Personal information
- Full name: Thomas Benjamin Huggins
- Born: 6 March 1983 (age 43) Peterborough, Cambridgeshire, England
- Batting: Right-handed
- Bowling: Right-arm off break

Domestic team information
- 2006–present: Suffolk
- 2003–2005: Northamptonshire
- 2001: Cambridgeshire

Career statistics
| Competition | FC | LA | T20 |
| Matches | 11 | 7 | 6 |
| Runs scored | 403 | 51 | 25 |
| Batting average | 26.86 | 8.50 | 25.00 |
| 100s/50s | –/2 | –/– | –/– |
| Top score | 82* | 16 | 19 |
| Balls bowled | – | – | 12 |
| Wickets | – | – | – |
| Bowling average | – | – | – |
| 5 wickets in innings | – | – | – |
| 10 wickets in match | – | – | – |
| Best bowling | – | – | – |
| Catches/stumpings | 4/– | –/– | 2/– |
- Source: Cricinfo, 29 September 2010

= Tom Huggins =

English cricketer

Thomas Benjamin Huggins (born 6 March 1983) is an English cricketer. Huggins is a right-handed batsman who bowls right-arm off break.
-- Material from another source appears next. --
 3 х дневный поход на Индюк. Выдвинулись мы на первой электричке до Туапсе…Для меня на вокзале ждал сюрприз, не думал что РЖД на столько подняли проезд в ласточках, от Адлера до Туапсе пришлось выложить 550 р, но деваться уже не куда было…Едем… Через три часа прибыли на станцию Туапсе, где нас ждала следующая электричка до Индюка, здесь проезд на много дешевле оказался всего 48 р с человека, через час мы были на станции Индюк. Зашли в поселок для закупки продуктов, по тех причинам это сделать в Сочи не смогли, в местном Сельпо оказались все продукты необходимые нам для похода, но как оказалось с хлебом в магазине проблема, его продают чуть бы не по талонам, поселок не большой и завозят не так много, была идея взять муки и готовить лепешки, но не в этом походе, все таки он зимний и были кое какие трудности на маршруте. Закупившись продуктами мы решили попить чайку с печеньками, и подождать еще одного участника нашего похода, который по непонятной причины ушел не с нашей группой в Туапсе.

He was born in Peterborough, Cambridgeshire and educated at Kimbolton School.

Huggins made his debut in List-A cricket for Cambridgeshire against the Warwickshire Cricket Board in the 2nd round of the 2002 Cheltenham & Gloucester Trophy which was played in 2001. He also played a single Minor Counties Championship match for the county against Staffordshire.
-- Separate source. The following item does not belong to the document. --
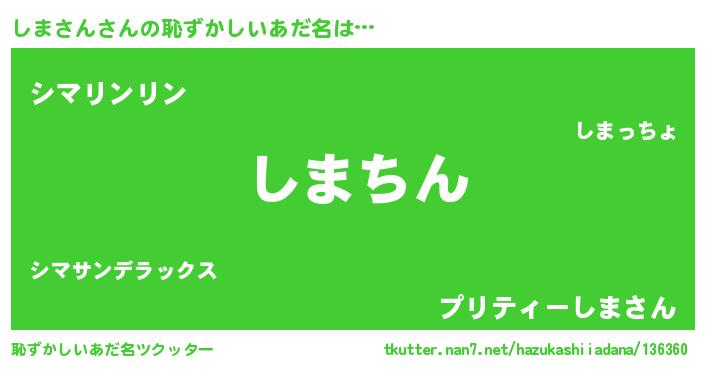 | 男性向けラノベタイトル風あだ名 | 『しまさんという概念が存在しない退屈な世界 』 |

Huggins made his first-class debut for Northamptonshire against Cambridge University in 2003. His first-class debut for the county came in the 2004 County Championship against Lancashire. From 2003 to 2005, he represented the county in 11 first-class matches, the last of which came against the touring Bangladeshis. In his 11 first-class matches he scored 403 runs at a batting average of 26.86, with 2 half centuries and a high score of 82*. In the field he took 4 catches.

In 2004, he made his Northamptonshire List-A debut against the touring Essex in the totesport League. From 2004 to 2005, he represented the county in 6 List-A matches, the last of which came against Gloucestershire in the 2005 totesport League. In the 7 List-A matches he played, he scored 51 runs at an average of 8.50, with a high score of 16.
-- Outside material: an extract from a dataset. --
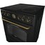 Устройства с тремя духовками также имеют один основной и две дополнительных шкафа разного объема: например, плиты Bertazzoni оснащены большой духовкой объемом 69 литров, средней объемом 54 литра и малой объемом 24 литра. Духовки располагаются в два ряда: две меньшие духовки в одном ряду, большая и ящик для посуды в другом.

During the 2005 season he made his Twenty20 debut for the county against Gloucestershire in the 2005 Twenty20 Cup. During the 2005 Twenty20 Cup he played a further 5 Twenty20 matches, the last of which came against Warwickshire. In his 6 Twenty20 matches, he scored 25 runs at an average of 25.00, with a high score of 19. In the field he took 2 catches.

In 2006, he joined Suffolk, where he made his Minor Counties Championship debut for the county against Norfolk. From 2006 to present, he has represented the county in 28 Championship matches. He has also played MCCA Knockout Trophy matches for Suffolk. His debut in that competition for Suffolk came against Bedfordshire in the 2006 MCCA Knockout Trophy. From 2006 to present, he has represented the county in 19 Trophy matches.

He was appointed Essex Graham Gooch Academy Player's Pathway Manager in 2016.